From a report this April:-
“If you had invested £100 in the FTSE100 in June 2016, your investment would now be worth £118. If you had invested the same sum in the CAC40, it would be worth £198; in the Nikkei 225, it would be worth £235 and in the S&P500 index in America it would have grown to a whopping £250. Even £100 invested in Italy’s FTSE MIB would be worth £189. For those tempted to argue that the FTSE100 is too dominated by foreign firms to be an accurate barometer of sentiment towards Britain, a £100 investment in June 2016 in the FTSE250 index of medium sized companies would today be worth a paltry £114.”
The report is wrong. It depends which days you pick in June 2016 and April 2024 of course. But the worst case for the 100 (i.e highest starting point, lowest ending point) looks to be about 6,300 -> 7,900, which is about a 25% increase. That's before dividends.

Best case is about 37% (about 5,950 -> 8,150).
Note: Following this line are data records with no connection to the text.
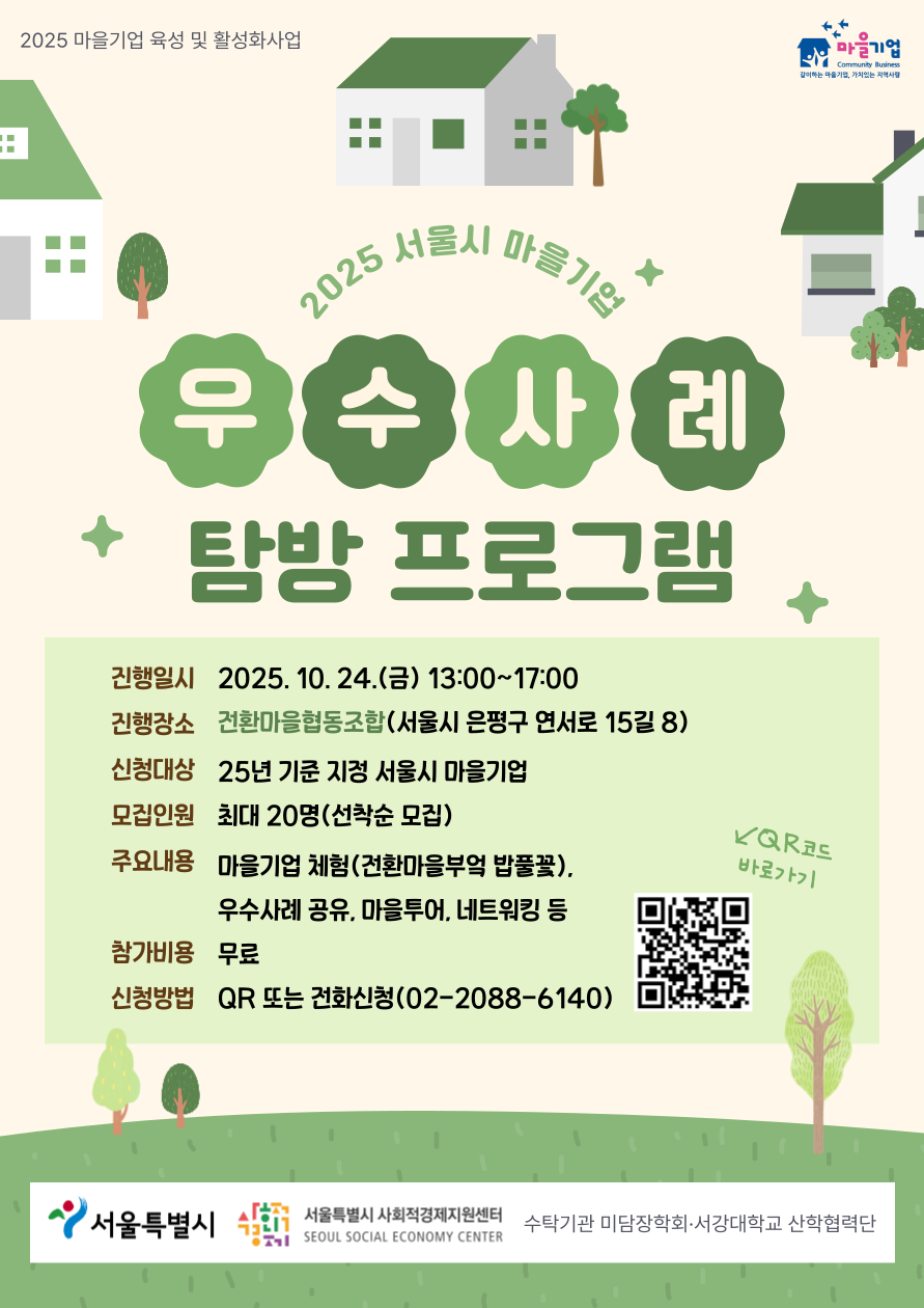 서울특별시 사회적경제지원센터(수탁기관 미담장학회, 서강대학교 산학협력단)에서는 서울시 마을기업 우수사례 공유와 마을기업 네트워크를 위해 <마을기업 우수사례 탐방 프로그램>을 운영하오니 많은 관심과 참여 부탁드립니다.
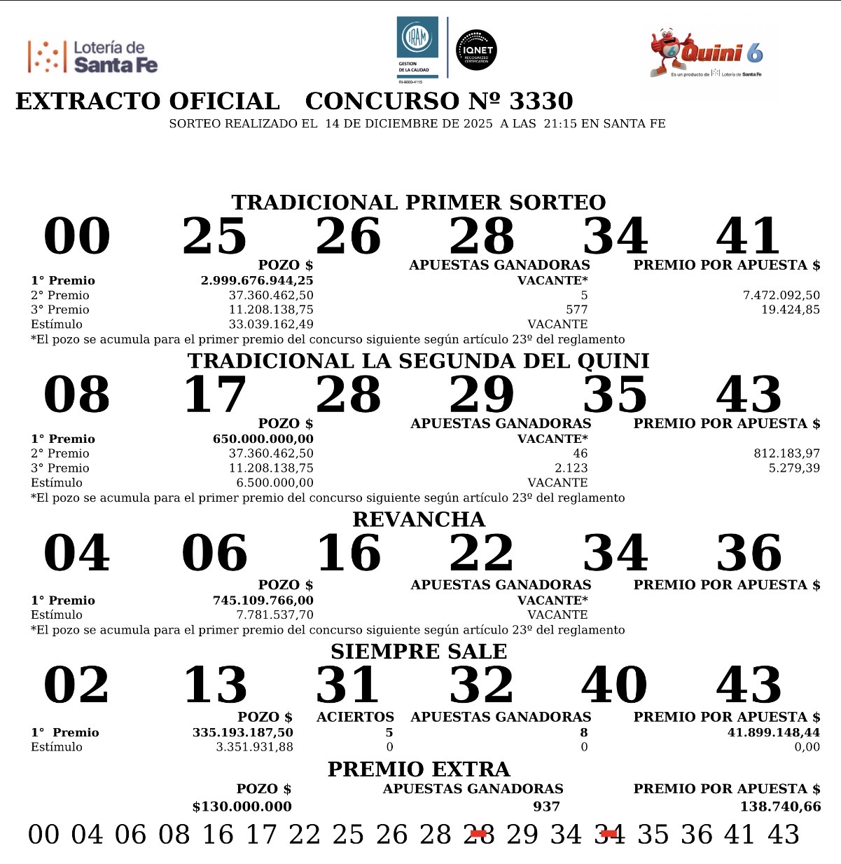 Este miércoles 14 de diciembre se sorteó el concurso N° 3.330 del Quini 6, de la Lotería de Santa Fe.
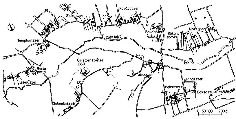 forrás: A magyar nyelvterület településformái - átmeneti formák a csoportos települések és a szórványtelepülések között. In. Magyar Néprajz IV. p. 74.
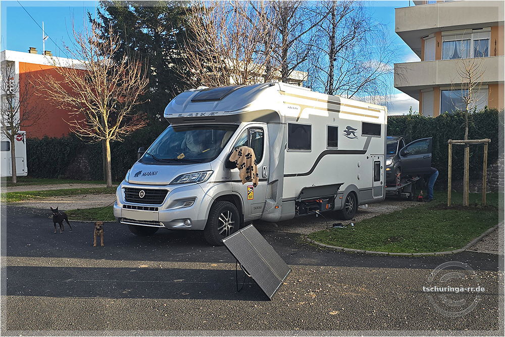 Zweieinhalb Wochen in Katzenbach reichen uns. Alles ist gewaschen. Arztbesuche sind erledigt. Der Panda braucht vorne links eine neue Feder. Die ist einfach weggebrochen und klappert irgendwo im Radkasten rum. Ist jetzt schon die zweite. Die rechte ist nach fünf Jahren gebrochen. Die Lieferung des zweiten Solarkoffers hat sich um eine Woche verzögert. Der Black Week sei dank. Zu allem Überfluss leuchtet dann auch noch die gelbe Motorleuchte vom Ducato. Friedbert fährt am Freitag erst nach Siegen, um den Solarkoffer abzuholen und den Regler einbauen zu lassen. Anschließend geht es nach Altenkirchen zu Fiat Professional. Dort wird festgestellt, dass ein Kabel vom Turbolader defekt ist. Das ist glücklicherweise vorrätig und so können wir doch heute starten. Irgendwie ist immer irgendwo irgendwas dran. Aber gut, wenn das zuhause und nicht irgendwo im Ausland passiert. |
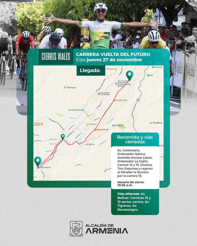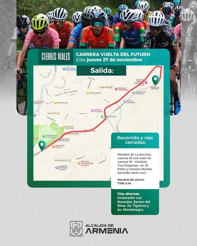 Debido al inicio de la Vuelta del Futuro 2025 de ciclismo HOY jueves 27 de noviembre con una primera etapa de 64.3 km que partirá desde Armenia y pasará por los municipios de La Tebaida, Montenegro y Circasia, antes de regresar a la capital quindiana.
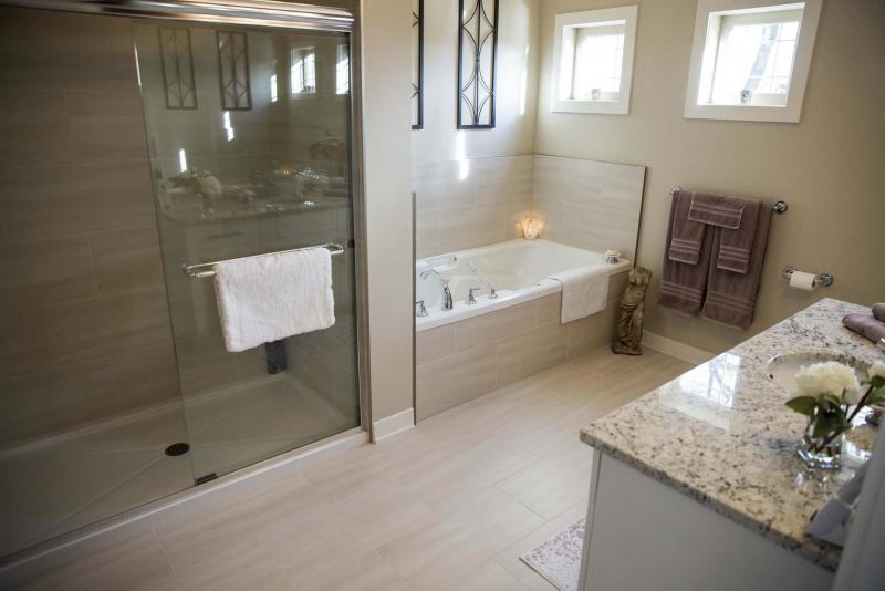 Next comes the main (or guest) bathroom, which is impressive in not one but two senses, said De Leeuw. "It’s finished as beautifully as most ensuites with a (taupe) tile floor, (white) thermofoil vanity with granite countertop and under-mounted sink — and a gorgeous one-piece (vinyl) soaker tub/shower combination with laundry closet beside it."
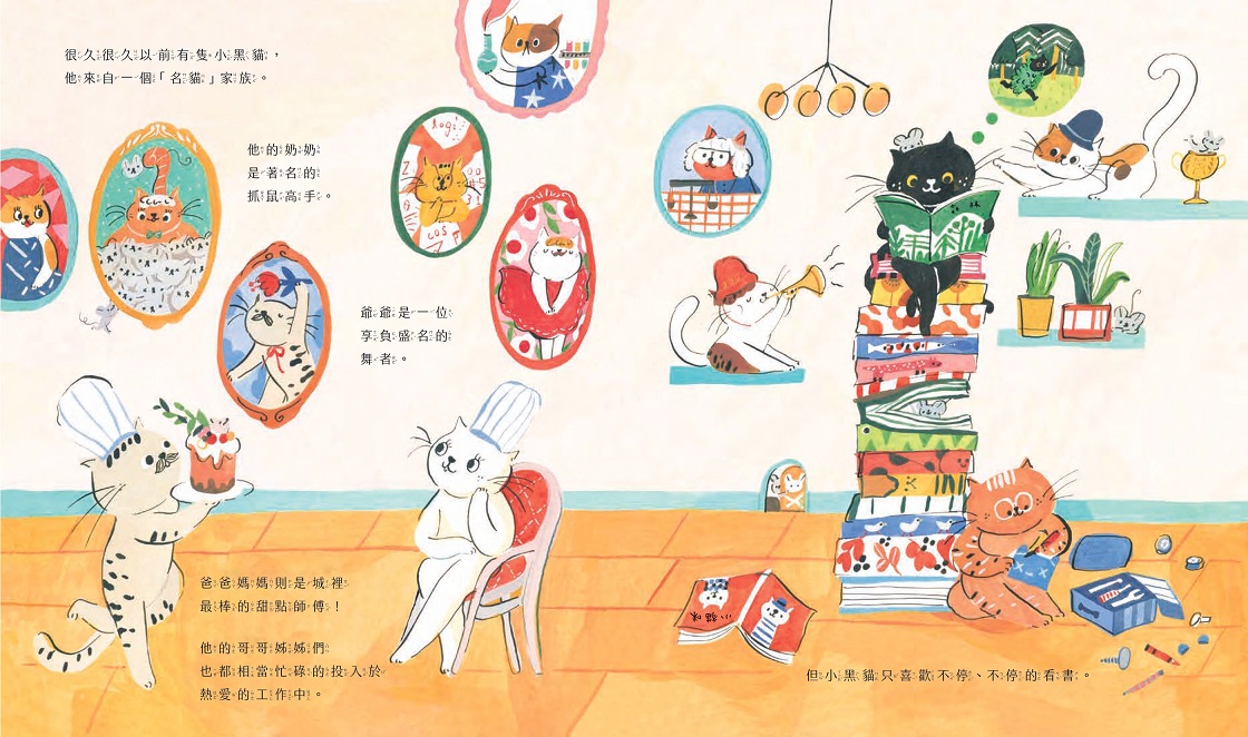 來自名貓家族的小黑貓,他的家人們擅長各式各樣的工作,有出名的抓鼠高手、舞者,還有甜點師傅,但是,不論家人們如何邀請小黑貓加入他們的行列,他都只想要不停、不停的看書。
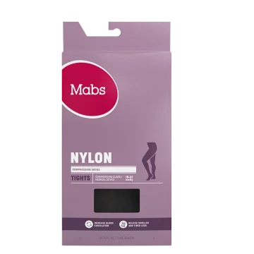 Mabs Nylon tight är mjuka och bekväma strumpbyxor med kompression vilket ökar blodflödet i benen något som i sin tur motverkar trötthet, svullnad och åderbråck. Strumpbyxorna är stickad i ett bekvämt, hållbart OEKO-texcertifierat material och av kompressionsklass 1 (15-21 mmHg), 140 denier. Dom har en slät stickning och finish för en elegant look som passar både på kontoret som på fritiden. Vid långvarigt stillasittande eller stående kan benen och fötterna bli svullna och kännas tunga, spända och trötta. Även graviditet, övervikt och flygresor kan orsaka svullna fötter och ben. Genom att använda en kompressionsstrumpa ökar blodflödet i benen så att de känns pigga och starka hela dagen, oavsett du står går eller sitter mycket. Strumporna hjälper även till att motverka åderbråck. 1 par. Medicinteknisk produkt, läs bipacksedeln noga innan användning. Medicinska kompressionsstrumpor erbjuder kompressionsterapi med medicinsk kompression klass I som har en vetenskapligt bevisad effekt. För att hitta din strumpstorlek och för att passformen skall bli perfekt finns det tre mått du bör utgå från: 1) Omkretsen runt ankeln där den är som smalast (A). 2) Omkretsen runt vaden där den är som bredast (B). 3) Din skostorlek (C). Lårets maximala omfång (D). Storleksöversikt: Storlek S: Omfång ankel: 18-21 cm (A), Omfång vad: 28-34 cm (B), Skostorlek: 36-38 ( C), Lårets max omf: 44-55(D), Strumpans längd: 80 cm Storlek M: Omfång ankel: 20-23 cm (A), Omfång vad: 31-37 cm (B), Skostorlek: 38-40 ( C),Lårets max omf: 48-56(D) Strumpans längd: 85 cm Storlek L: Omfång ankel: 22-25 cm (A), Omfång vad: 34-40 cm (B), Skostorlek: 40-42( C), Lårets max omf: 52-60(D) Strumpans längd: 90 cm
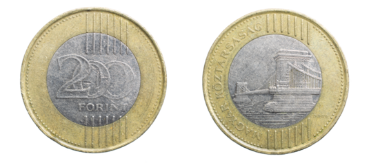 two hundred Hungarian forint coin isolated on white background
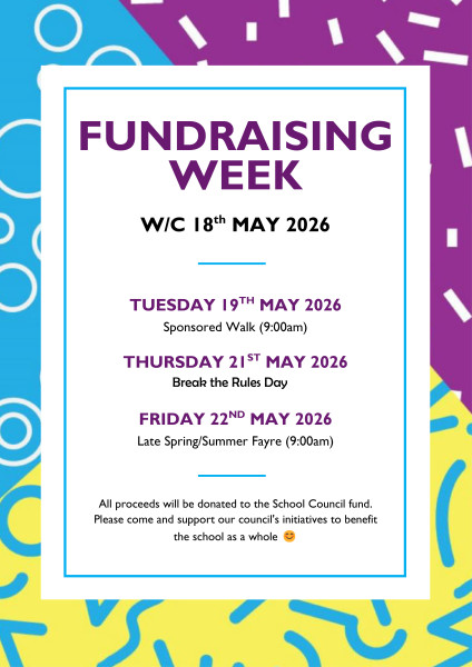 This half term, the School Council has organised a fundraising week to support our council's initiatives and benefit the school as a whole. We would greatly appreciate your support and involvement in our planned activities.
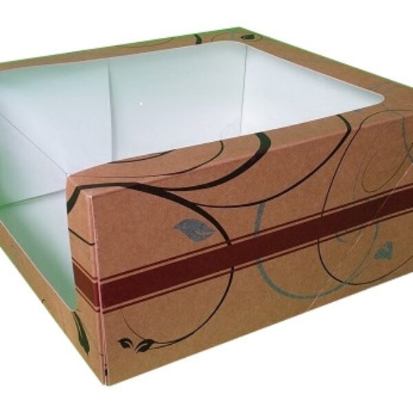 Pudełko na ciasto z okienkiem 28x28x13 cm seria ROŚLINY opak. 50 szt.
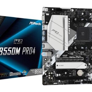 Asrock B550M Pro4. Processor manufacturer: AMD, Processor socket: Socket AM4, Compatible processor series: AMD Ryzen 3000 Series. Supported memory types: DDR4-SDRAM, Maximum internal memory: 128 GB, Memory slots type: DIMM. Supported storage drive interfaces: M.2, SATA III, Supported storage drive types: HDD & SSD, RAID levels: 0, 1, 10. Parallel processing technology support: CrossFireX, Quad-GPU CrossFireX, Maximum resolution: 5120 x 2880 pixels. Ethernet interface type: Gigabit Ethernet, LAN controller: Realtek RTL8111H
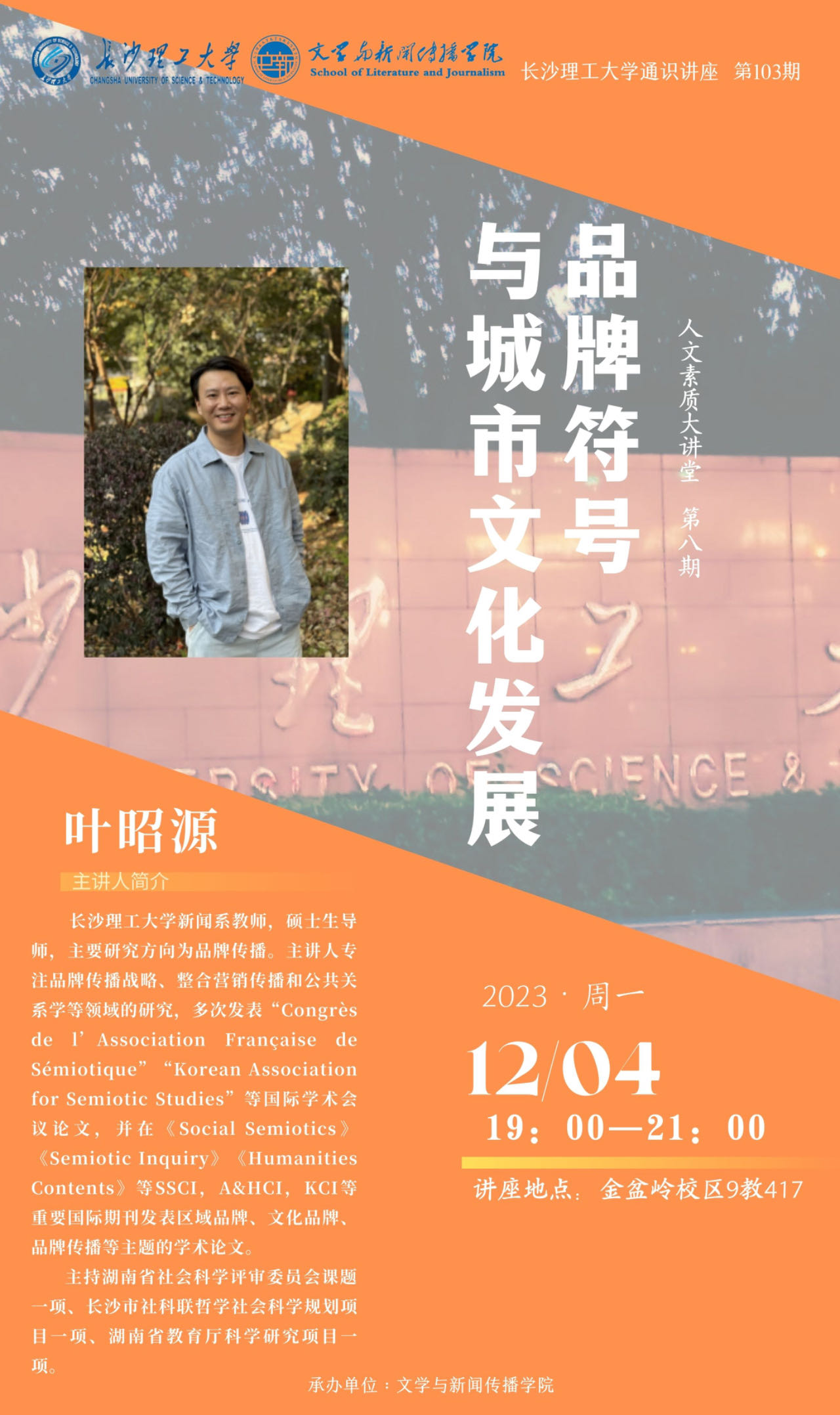 通识讲座暨人文素质大讲堂预告: 叶昭源--品牌符号与城市文化发展
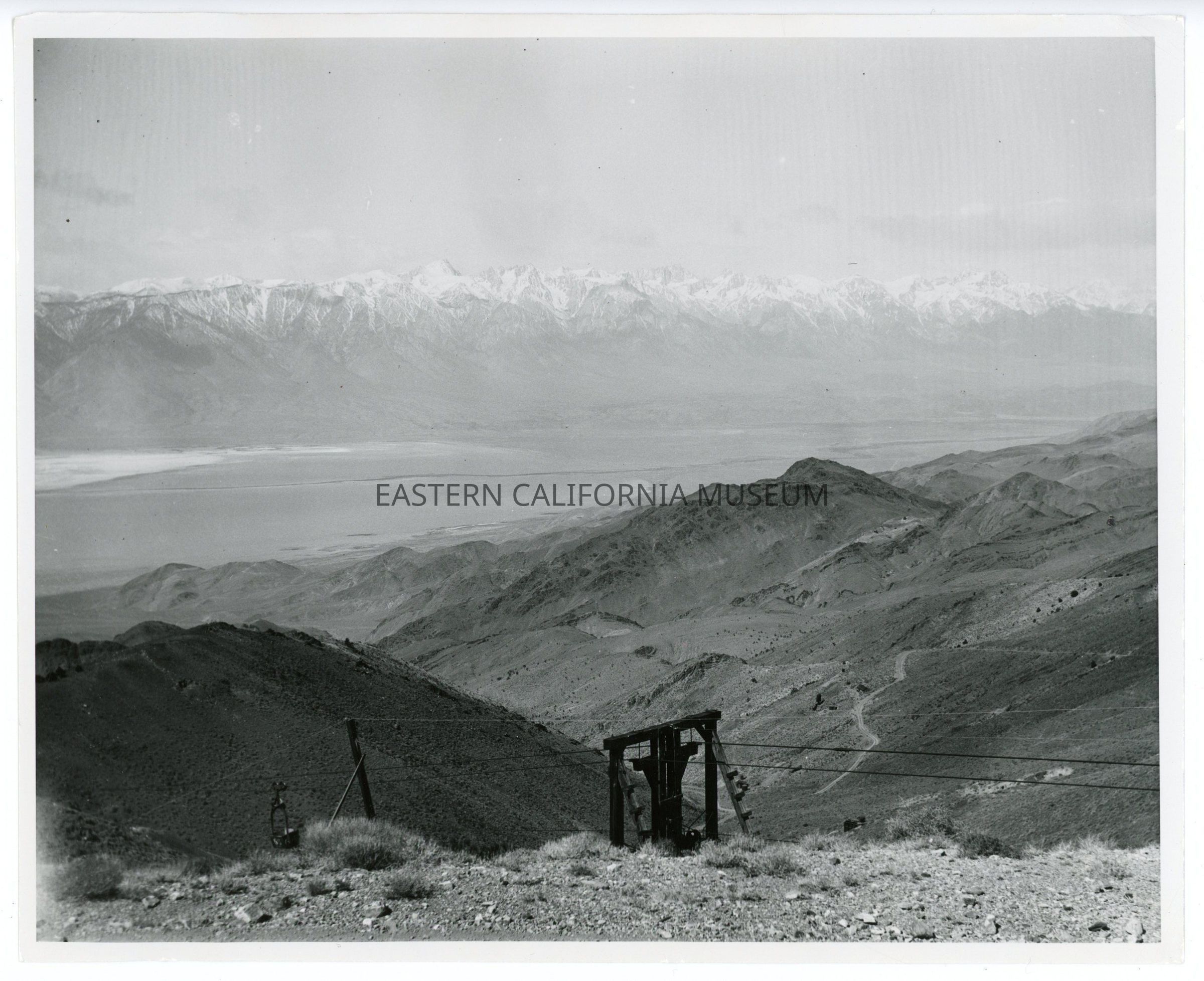 Photo taken from the Inyo Mountains looking west toward the Sierra Nevada mountain range. The Keeler-Cerro Gordo tramway is in the foreground. One tower and a bucket are visible.
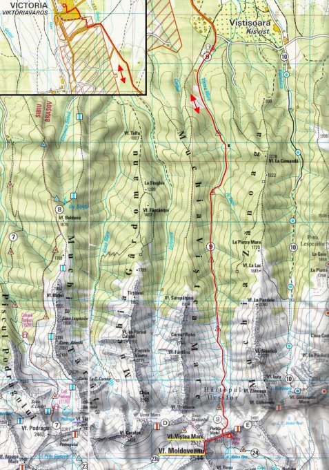 Der eigentliche Aufstieg beginnt bei Viştişoara, 4km südlich von Victoria (1h zu Fuss über Strasse). Bei einer gut markierten Abzweigung von der Strasse in Viştişoara beginnt der mit roten Dreiecken markierten Bergweg durch das wilde und enge Tal entlang des Baches Viştea Mare hinauf in den Talkessel Hârtopul Urşilor oberhalb der Waldgrenze. Von dort geht es steil hinauf in die Lücke Portiţa Viştei (2310m) wo sich in der Nähe auch die Biwakhütte Refugiul Portiţa Viştei befindet. Von der Lücke gelangt man über einen Grat mit wenigen einfachen Kletterstellen (I) auf den Vorgipfel Vârful Viştea Mare (2527m) und weiter über einen einfachen Verbindungsgrat zum Vârful Moldoveanu.
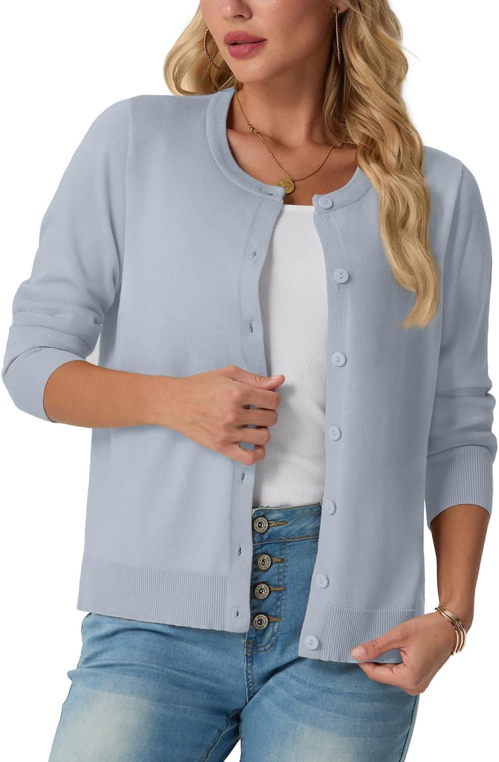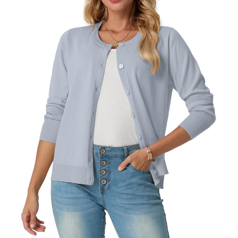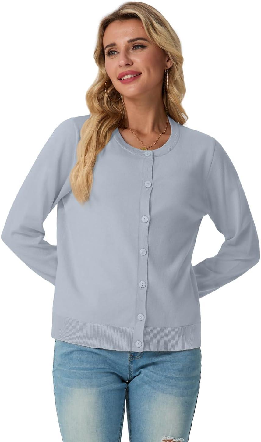 GRECERELLE Women’s Long Sleeve Lightweight Crewneck Casual Cardigan Sweater, S-2XL(Grey Blue)
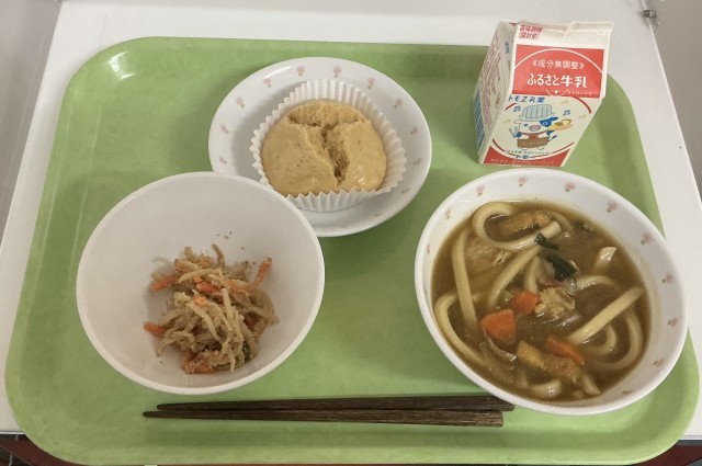 【今日の献立】カレーうどん・牛乳・ごま酢あえ・栗入り黒糖蒸しパン

Plus dividends.

The FTSE 250 could be 14% if you pick the right days in June 2016 and April 2024. But it could also be over 33%. Again, that's before dividends.

It is also possible to pick pairs of days within the time periods between which each index doubled.

It is easy to pick the winners and losers when in possession of the data and able to choose arbitrary date ranges.

Very few small investors buy all their shares at once. They buy small amounts regularly.

I'm not saying one market is better than any other. But be wary of anybody claiming market wisdom based on arbitrary historical analysis, particularly when the analysis: (a) appears to be numerically incorrect and (b) doesn't reflect how people really invest.

Data from uk.investing.com
 
From a report this April:-
“If you had invested £100 in the FTSE100 in June 2016, your investment would now be worth £118. If you had invested the same sum in the CAC40, it would be worth £198; in the Nikkei 225, it would be worth £235 and in the S&P500 index in America it would have grown to a whopping £250. Even £100 invested in Italy’s FTSE MIB would be worth £189. For those tempted to argue that the FTSE100 is too dominated by foreign firms to be an accurate barometer of sentiment towards Britain, a £100 investment in June 2016 in the FTSE250 index of medium sized companies would today be worth a paltry £114.”
It seems Brexit crashing the pound wasn't so good after all.
 
I remember being in despair the day after the EU referendum vote and when there was the big COVID crash in Feb 2020 but in each case the value had recovered in a few months and on a long term chart are mere blips.
i think will remain true until eventually capitalism comes to an end.